MANILA, Philippines — Fitch Solutions Country Risk & Industry Research raised its 2022 budget deficit projection for the Philippines but said the country is on track for gradual fiscal consolidation over the coming years due to strong revenue growth.
It said the Philippines may incur a wider budget shortfall of 7.6 percent of gross domestic product (GDP) instead of 7.5 percent for 2022.
For 2023, the research arm of the Fitch Group is expecting a lower budget gap of six percent of GDP instead of 6.1 percent.
“Our 2022 budget deficit forecast is in line with official projections while our 2023 budget deficit forecast is slightly below official projections of 6.1 percent due to a difference in growth assumptions,” it said.
According to Fitch Solutions, the slight revisions came after the release of the budget notes by the Senate Economic Planning Office on Sept. 12, detailing the macroeconomic and fiscal assumptions of the proposed 2023 national budget.
The research arm still believes the Philippines is on track for gradual fiscal consolidation over the coming years due to strong revenue growth on the back of extensive tax reforms and robust economic growth which will offset expansionary fiscal spending.
“Despite an increase in fiscal spending, we still believe that the Philippines remains on track for gradual fiscal consolidation over the coming years due to strong revenue growth,” Fitch Solutions said.
It expects the public debt-to-GDP ratio to peak at 61.1 percent next year, boding well for fiscal sustainability.
“As such, we expect the public debt-to-GDP ratio to peak at 61.1 percent in 2023, before declining from 2024 onwards,” it said.
Data from the Department of Finance (DOF) showed that the government’s budget deficit as a share of GDP swelled to 8.6 percent in 2021 from 7.6 percent in 2020.
Prior to the COVID-19 pandemic, the government managed to narrow the gap to 3.4 percent of GDP in 2019.
On Aug. 22, President Marcos proposed a record 2023 budget of P5.27 trillion to Congress in order to achieve his economic agenda of maintaining real GDP growth at 6.5 to eight percent throughout his term from 2022 to 2028.
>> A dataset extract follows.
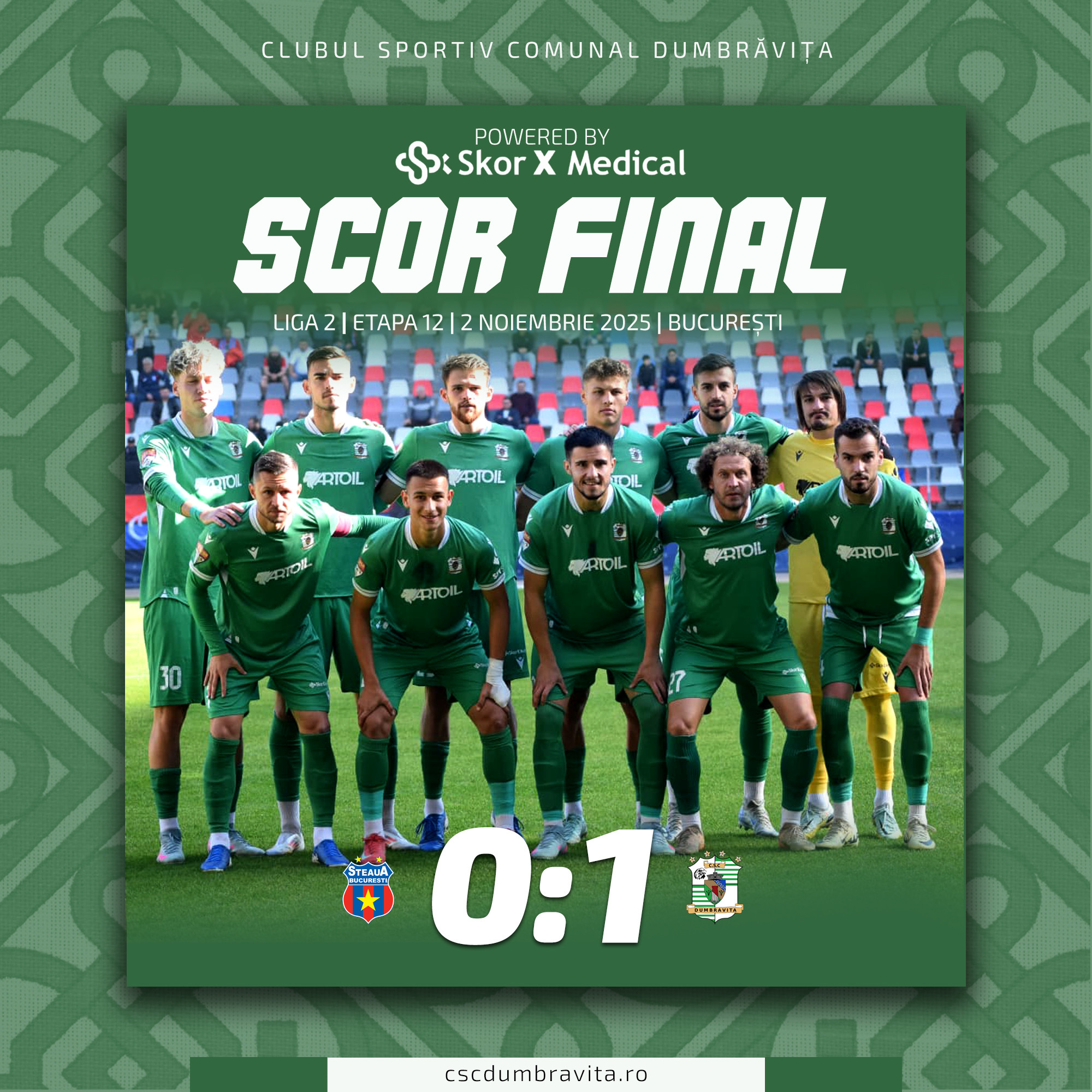 Steaua a fost învinsă de CSC Dumbrăviţa cu scorul de 1-0, duminică, în Ghencea, în etapa a 12-a din Liga 2. LIVE TEXT AICI
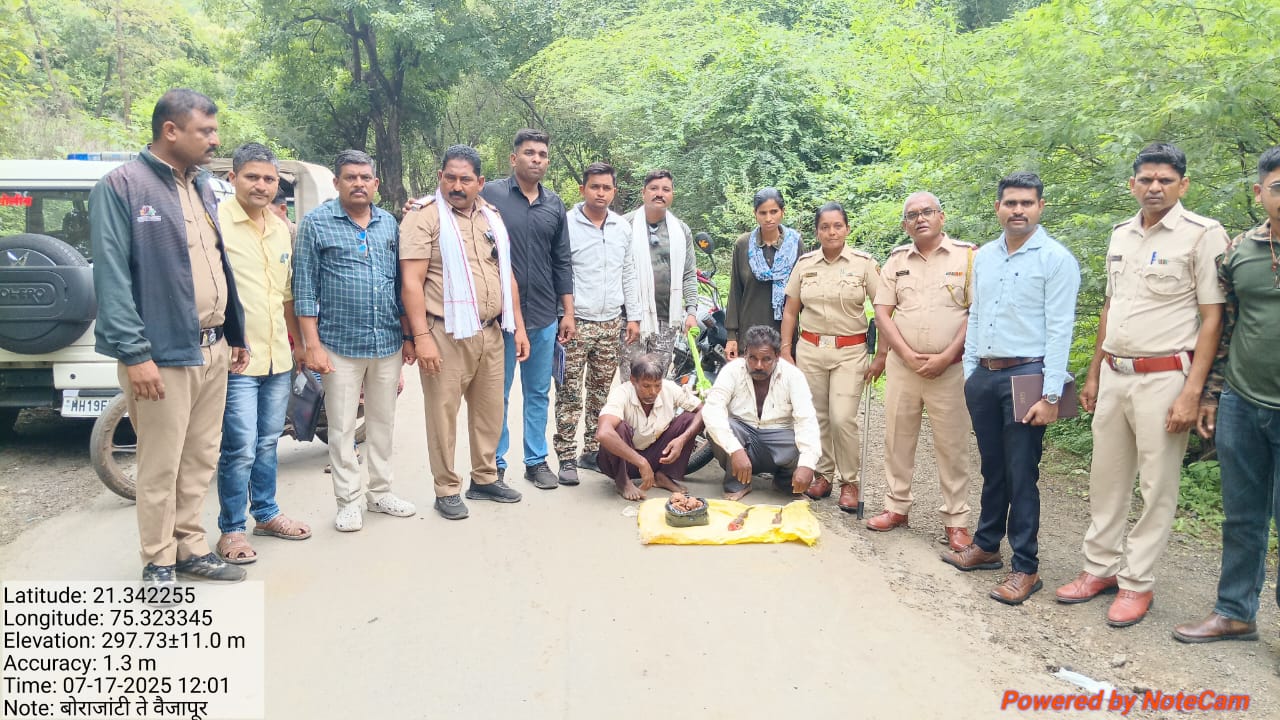 वनविभाग व पोलीस यांच्यासह संयुक्त गस्ती व नाकाबंदी दरम्यान बोरअजंटी ०२ इसम मोटार सायकल वर पिवळ्या गोणीत दोन हरीण काळवीटाचे शिंगे व शिजवलेले मांस घेवून जातांना मिळून आल्याने सदरील इसमांना चौकशी कामी ताब्यात घेऊन घटनास्थळी वन्यप्राण्यांच्या शिकार करुन काळवीटाचे शिंगे २ नग व शिजवलेले मांस (मटन) अंदाजे २ कि.ग्रॅ व मोटार सायकल स्प्लेंडर प्लस कंपनीची क्र. MP-१०/NC-४८५७ व दोन मोबाईल फोन जप्त करण्यात आले. जप्त करण्यात आले. सदर ०२ आरोपी इसम यांना ताब्यात घेऊन त्यांची कसून चौकशी केली असता त्यांनी नाव वांग या पुसल्या बारेला उ. वय ४८ रा टाक्यापाणी त्ता.वरला जि. बडवाणी, ह.मु बोरखेडा ता.धरणगांव व धुरसिंग वलका बारेला उ.व.४५ रा आत्मज बधुरिया-७, ग्राम वरुड जि. खरगोन ह. मु. पळासखेडा यांना अटक करण्यांत आली.

The proposed spending is 4.9 percent higher than the 2022 budget, and is projected to reach 22.1 percent of GDP.
“As of Oct. 5, details of the budget have yet to be finalized, but we expect a few changes to be made in the approved 2023 budget. Thus far, the proposed budget has already passed Senate deliberations on Sept. 29, and is now being presented in the plenary, at the time of writing,” Fitch Solutions said.
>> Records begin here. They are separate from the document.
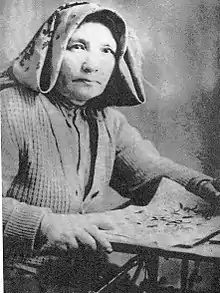 Adavia Efendiyeva was born in the Crimean city of Yevpatoria in 1879, back when it was part of the Russian Empire. From an early age, her grandmother schooled her in embroidery and weaving. She first used an embroidery machine at the age of twelve and learned to use an electric loom at the age of sixteen. In 1928 she became the head of the embroidery circle at the Yevpatoria museum, where she taught embroidery. Later she worked as an embroidery instructor at an art museum. From her childhood to 1937 she created over 500 embroidered works, which were first put in Moscow art exhibits in 1935. Later her art reached museums in Western Europe and the United States. Shortly after the Red Army retook control of Crimea in 1944 most ethnic Tatars including Efendiyeva were deported to the Uzbek SSR; in the harsh conditions of exile she died soon after arrival in Samarkand. Many of her works, including tablecloths, towels, and embroidered belts, remain on display in the Tavrida Central Museum in Simferopol.[1][2][3]
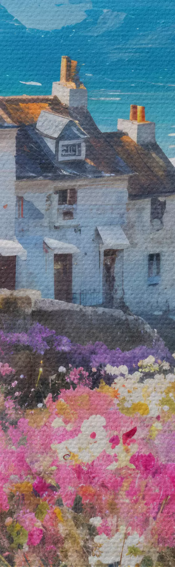 Image Une peinture à l'huile colorée représentant une ville de bord de mer avec des maisons blanches et un jardin de fleurs au premier plan Nr r41090
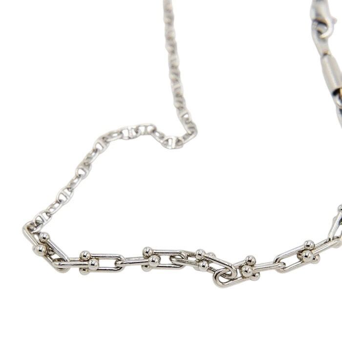 異なるチェーンをミックスさせたネックレス。
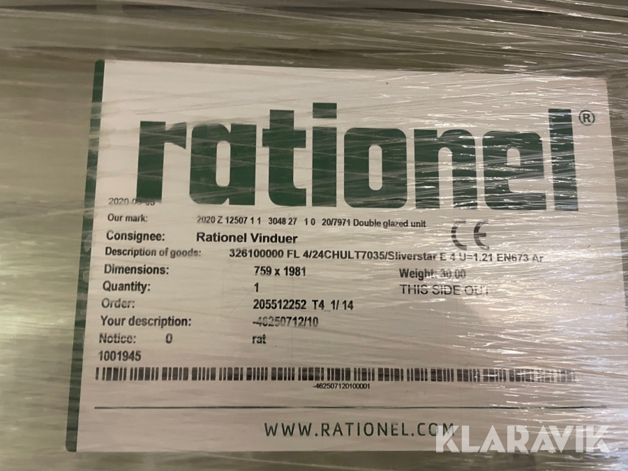 Som køber skal du kontrollere objektet ved afhentning Herefter kan der ikke gøres indvendinger. Hvis objektet adskiller sig væsentligt fra beskrivelsen, skal Klaravik kontaktes inden objektet fragtes (bemærk, at der gælder særskilte vilkår for konkursauktioner). Alle objekt findes hos den sælgende virksomhed, og du som køber har ansvar for afhentning og fragt. Som køber har du 12 dage til at afhente objektet, efter auktionen er afsluttet.

It said expenditure would likely remain elevated over the coming years as President Marcos looks to continue former president Duterte’s flagship Build, Build, Build project.
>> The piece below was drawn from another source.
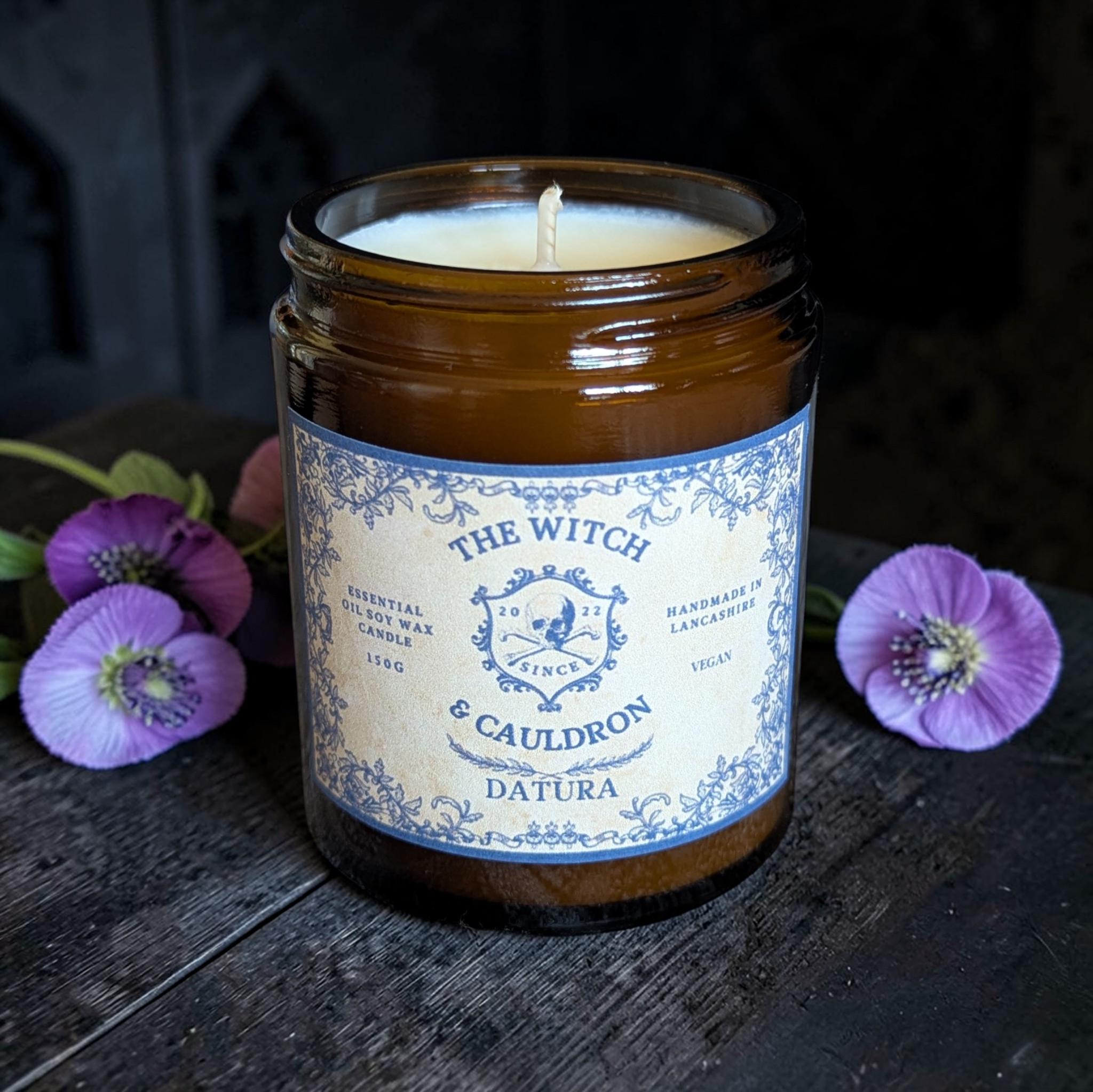 My Datura Soy Wax Candle has a blend of Ylang-Ylang, Neroli, Jasmine and Sandalwood essential oils to create the sweet, heavy and pleasant smell of the plant’s flowers, opposed to the foul smelling foliage.

“We expect disbursement growth to be in line with the government’s projections of 2.6 percent in 2023 as the Marcos administration has signaled that it will still maintain a supportive fiscal stance to help spur economic growth,” it said.
In 2023, Fitch Solutions expect revenue growth to come in strongly at 10 percent year-on-year, on the back of extensive tax reforms and a robust economic backdrop.
“The array of tax reforms under the comprehensive tax reform program has helped boost revenue growth considerably since its inception, and we will likely see the continued impact of it moving forward,” it said.
The Marcos administration has committed to trim the deficit back to three percent of GDP by 2028.
“The widening of the fiscal deficit was primarily due to a collapse in revenue coupled with expansionary spending as the government sought to mitigate the economic fallout from the pandemic,” Fitch Solutions said.
As a result, the government’s debt as a share of GDP ballooned to 60.4 percent in 2021 compared to 39.6 percent before the COVID-19 pandemic.